So, one of the things I wanted to do with blinks is provide an alternative way of developing for it. I am a big fan of Go so I decided to, no pun intended, give it a go.
It turns out there is a project to use go to write code for micro-controllers and it does support Arduino/AVR:
I am literally at the very beginning and I started writing the required code for the atmega168pb (this is the correct chip for Blinks, right?). The first step is to write the code to map pin numbers to hardware registers. As a reference, here is the code for the atmega328p (which is most likely the closest supported machine to the atmega128pb):
Is anyone aware of any documentation that would point to this mapping in the case of the 168p? Maybe @bigjosh?
FYI, code generated with tinygo would be similar in size of equivalent C code. Due to memory and storage limitations, we would not be able to use goroutines (for concurrency, which is really not needed in the context of a Blink). We can also fully disable the garbage collector and the compiler is smart enough to tell us if we are doing something that would need it.
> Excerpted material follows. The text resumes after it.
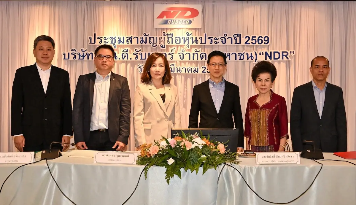 นายชัยสิทธิ์ สัมฤทธิวณิชชา (ที่ 4 จากซ้าย) กรรมการผู้จัดการ พร้อมด้วยคณะกรรมการบริษัท เอ็น.ดี. รับเบอร์ จำกัด (มหาชน) หรือ NDR ผู้ผลิตและจำหน่ายยางนอกและยางในรถจักรยานยนต์ภายใต้แบรนด์ N.D. Rubber ร่วมถ่ายภาพภายหลังเสร็จสิ้นการประชุมสามัญผู้ถือหุ้นประจำปี 2569 โดยที่ประชุมผู้ถือหุ้นมีมติอนุมัติทุกวาระที่คณะกรรมการเสนอเป็นเอกฉันท์ รวมถึงการอนุมัติงบการเงินประจำปี 2568 และวาระสำคัญอื่นๆ ทุกวาระ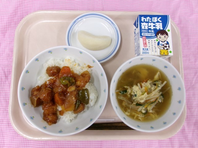 今日の給食は鱈の酢豚風ごはんです。烏森小学校では数カ月に1度給食に出ている定番メニューですね。鱈は低脂肪、高たんぱくのお魚です。身もホロホロとほぐれる柔らかさで調理もしやすく今日のように揚げる調理法にも適しています。

The main advantage is most likely what I consider a nicer syntax without the cost of C++.
I am a big fan of Go so I decided to, no pun intended, give it a go.
Go on blinks would be very cool!
the atmega168pb (this is the correct chip for Blinks, right?
Correct, same as on the original Uno so a very well supported chip. It should also be functionally identical to the atmeag328p for anything a blinks user program would want to do.
The first step is to write the code to map pin numbers to hardware registers.
So there are a few ways you could do this depending on what level you want to work at (and how much work you want to do - lower levels=more work!)…
Run bare metal. Here you talk directly to the hardware and your code is the only thing running on this blink.
Run on top of the blinkBIOS. In this case, you would talk to the bios which would handle all the sensitive timing and hardware interaction for you. This gives you a lot of control with the downside that you are responsible for for more.
Run on top of the blinkBIOS. In this case, you would basically just be writing a normal blinklib-based game except your setup() and loop() (and anything they called) would be in go.
Normally I’d say #3 is the best place to be for most people, but I actually think you might be very happy at #2 since then you could implement your own programming model as an alternative to the highly opinionated state-based bliknlib model. You could, for example, directly send and process asynchronous IR packets.
If you pick #2 then you should not need to touch the hardware directly. Instead you can use the services provided by the blinkBIOS to interact with things like the LEDs, button, and IR links. This should greatly simplify things since a user program need only to be able to read/write to the bios data structures and also call the bios function vectors. Probably the hardest part will be getting the kinks worked out of the toolchains so that the go compiler and linker can produce the right output files in the right places.
The bios API is defined in these files…
Once you have that working, then you should be able to blink leds and send IR packets. Still lots more work to do to have a practical base for real games, but also lots of opportunities to make opinionated decisions on how things should be best designed.
Does #2 sound like a path you’d like to give a try?
So, I need to start by adding specific machine support (i.e. atmega168pb support). When this is all done so I could potentially run bare metal but, of course, at this stage without any support for the nice LEDs (it seems there are some caveats with controlling them) and the IR transmitter/receiver.
TinyGo itself has some abstraction build in so I could potentially add support to the LEDs and IR and, at this point, it should be able to actually boot a blink and control things with a considerably low level API. In other words, I think this is a required step either way, even if not the final goal.
That makes perfect sense as a second step (again, even if not the end goal) because it would simplify things considerably. There is no precedent on TinyGo to do anything other than bare metal access, but it is not impossible as it can actually call C functions without problems (I guess we would need some of the linker magic to get things to work here).
I think you mean BlinkLib, not BlinkBIOS, right? I guess I should check if this is feasible because, for obvious reasons, this would simplify things a lot and, in the end, what I want is to be able to write games using Go.
Ahahahahha… Don’t get me wrong, I am not fundamentally against how blinklib does things. Our discussion about datagrams started simply because I wanted an error reported back in a specific case. I did not need a complete rewrite of everything.
I agree this is the most tempting one, but because it is a middle ground between 1 and 3 and because 1 is how TinyGo usually does things and 3 is not something that was ever done using it, It night not be worth if 3 is feasible. And if 3 is unfeasible, 2 is likely also unfeasible (by unfeasible I mean not how things are supposed to be done. This is all software in the end and we can do pretty much anything).
Thanks, this is useful. Just out of curiosity, is the actual BlinkBIOS code closed-source? I searched and could not find it. I am not against closed-source code in principle. It is just that if the code is available, it would probably simplifythe wokr I am doing.
I will give this some consideration and will let you know. Thanks for all insights.